Ainda é um movimento coletivo, com responsabilidade dividida entre várias pessoas. Mas e na hora de um impasse do tipo “Vira nessa à direita ou na próxima?”. O caminho está resolvido: vamos descer a Vergueiro até o centro. Mas em que ponto fazemos a conversão?

 

A massa começa a procurar alguém que responda. Não dá para botar em votação: estamos pedalando! Quem decide? Alguém vira chefe na hora e diz: “Na praça à direita!”. Claro que não é um chefe absoluto, autoridade para todas as coisas. Mas é um ponto ascendente sobre os demais no momento em que a horizontalidade levaria ao impasse, a confusão ou à dispersão.

 

Os antropólogos, sociólogos e biólogos podem explicar essa nossa tendência ou necessidade de escolher alguém responsável por decisões em nosso nome – somos animais de matilha, como os cães, que identificam e respeitam um líder? Talvez.

 

***

Com explicações científicas ou não, é fácil entender por que os humanos desenvolveram sistemas políticos representativos, divisão de trabalho, atribuição de responsabilidades diferenciadas... Como as formigas, abelhas e cupins.

 

Em “colônias” numerosas como as que vivemos, se não houvesse Estado, governo, poder executivo, definidos como estão, nos depararíamos com duas situações: lideranças aparecendo e se afirmando naturalmente (parece bom, não? E se fosse uma liderança irresponsável, egóica, tirana?) ou verdadeiros vácuos de decisão, sem ninguém para tomar iniciativa.

 

Menos viagem, mais exemplos concretos: se São Paulo não tivesse governo, se tudo se resolvesse por ação direta, quem cuidaria do tratamento de esgoto? Garantiria a captação e produção da água que sai pelas torneiras? Quem faria a passarela para pedestres e ciclistas cruzarem a marginal?

 

No mundo ideal (i.e., que não existe...) as pessoas se uniriam em mutirão e construiriam uma passarela. Quem iria cortar a madeira, tecer as cordas, fundir o metal para fazer pregos, fabricar o verniz para proteger das intempéries? Garantir as telecomunicações (telefone, computador) para combinar a data?  Fabricar a borracha dos pneus das bicicletas?
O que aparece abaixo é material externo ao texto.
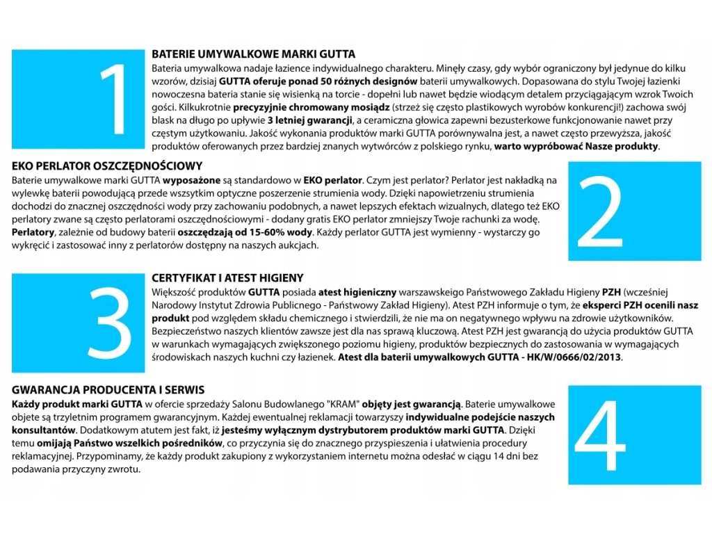 Jednootworowa, dwuuchwytowa, stojąca bateria umywalkowa mieszająca marki GUTTA w popularnym ostatnio stylu RETRO. Marka GUTTA przebojem wchodzi na rynek, stając się powoli uosobieniem jakości wykonania i przystępnych cen. Nawet produkty w wersjach premium zaskakują ceną.

A “sociedade livre”? “Quem quiser fazer borracha, faz. Quem puder fabricar telefones e colocar o sinal no ar, que coloque”. Hmm... Já disse que esse papo me parece muito o da liberdade de mercado, que não me parece muito capaz de garantir justiça e igualdade não... É quando o anarquismo e o capitalismo se parecem demais. É o mundo da vitória dos mais fortes, dos mais capazes, dos mais espertos - ainda que não sejam honestos e justos.

 

No mundo real, sou a favor de Estado. De representantes eleitos, líderes que assumam a responsabilidade por determinadas tarefas em nome da coletividade. Com todos os defeitos que pode ter esse sistema, e não são poucos. (Um exemplo? Na democracia, os mais fortes são os que se organizam. Os desorganizados, ainda que sejam maioria, dançam. A massa invisível que não faz greve, não carrega faixas de protesto, não publica manifestos). Aperfeiçoemos, pois, o sistema.